### Exercise prompt
Drop the pictures, then extract the listing word for word.

### The data
• • • • • • •

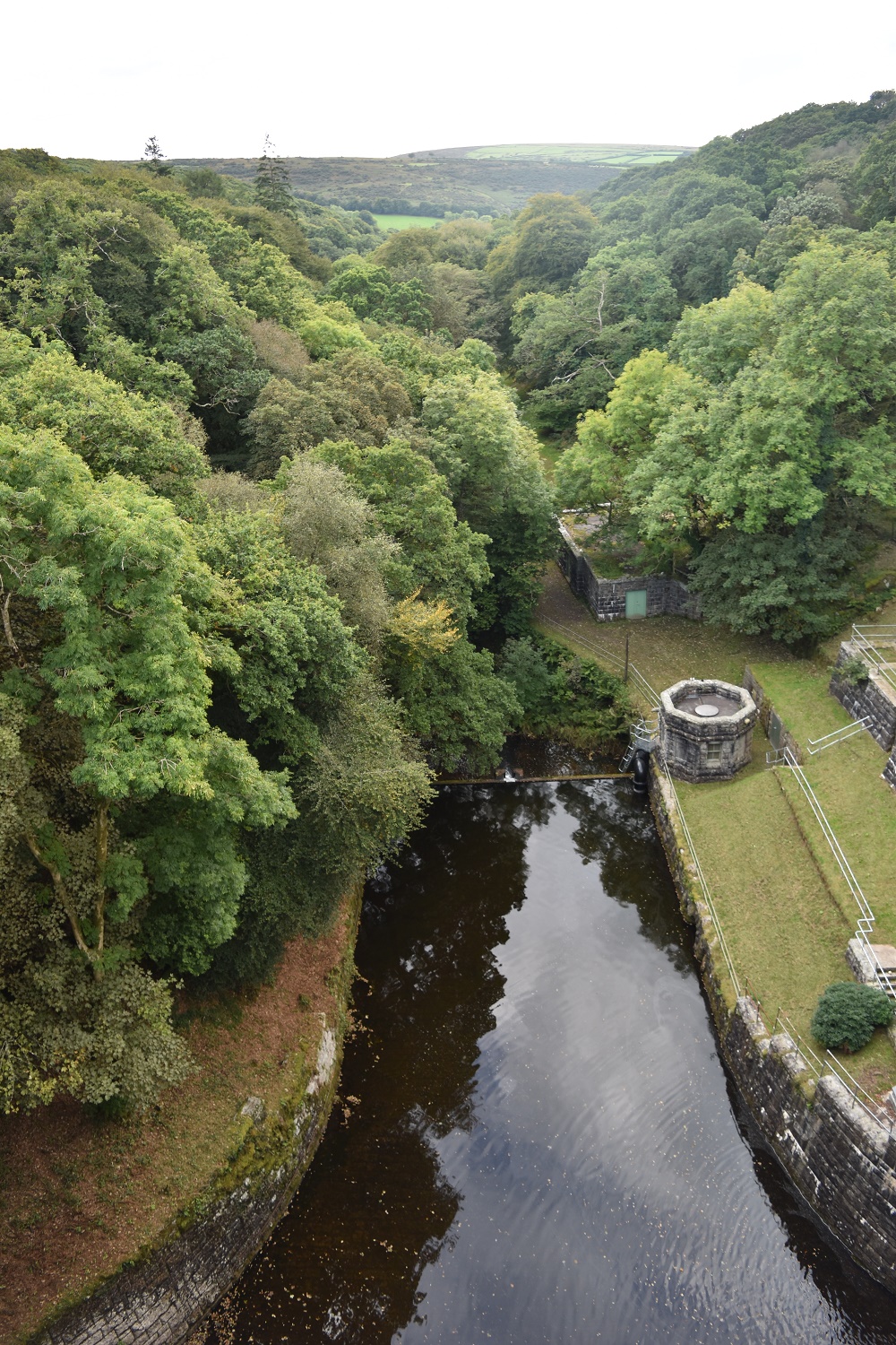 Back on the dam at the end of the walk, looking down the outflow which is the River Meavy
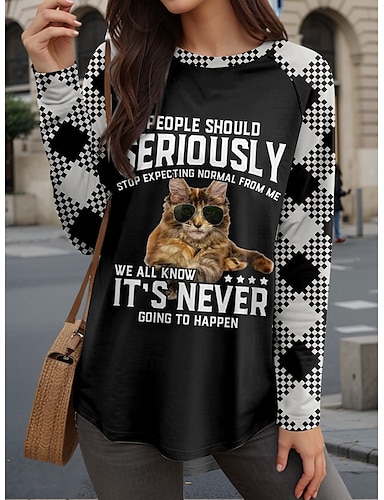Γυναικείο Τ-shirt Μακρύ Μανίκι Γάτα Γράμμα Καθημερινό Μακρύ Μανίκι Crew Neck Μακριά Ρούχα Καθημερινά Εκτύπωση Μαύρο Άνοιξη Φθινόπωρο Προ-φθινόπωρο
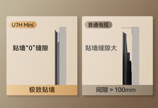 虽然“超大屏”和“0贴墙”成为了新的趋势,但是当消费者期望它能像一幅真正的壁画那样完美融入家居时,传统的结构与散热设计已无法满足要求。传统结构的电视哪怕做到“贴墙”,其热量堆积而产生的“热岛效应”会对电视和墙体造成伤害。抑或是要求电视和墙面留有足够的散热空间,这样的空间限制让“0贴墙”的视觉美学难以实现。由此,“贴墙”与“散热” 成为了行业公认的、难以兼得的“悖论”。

• • • • • • •

### Finished task
 Back on the dam at the end of the walk, looking down the outflow which is the River Meavy
Γυναικείο Τ-shirt Μακρύ Μανίκι Γάτα Γράμμα Καθημερινό Μακρύ Μανίκι Crew Neck Μακριά Ρούχα Καθημερινά Εκτύπωση Μαύρο Άνοιξη Φθινόπωρο Προ-φθινόπωρο
 虽然“超大屏”和“0贴墙”成为了新的趋势,但是当消费者期望它能像一幅真正的壁画那样完美融入家居时,传统的结构与散热设计已无法满足要求。传统结构的电视哪怕做到“贴墙”,其热量堆积而产生的“热岛效应”会对电视和墙体造成伤害。抑或是要求电视和墙面留有足够的散热空间,这样的空间限制让“0贴墙”的视觉美学难以实现。由此,“贴墙”与“散热” 成为了行业公认的、难以兼得的“悖论”。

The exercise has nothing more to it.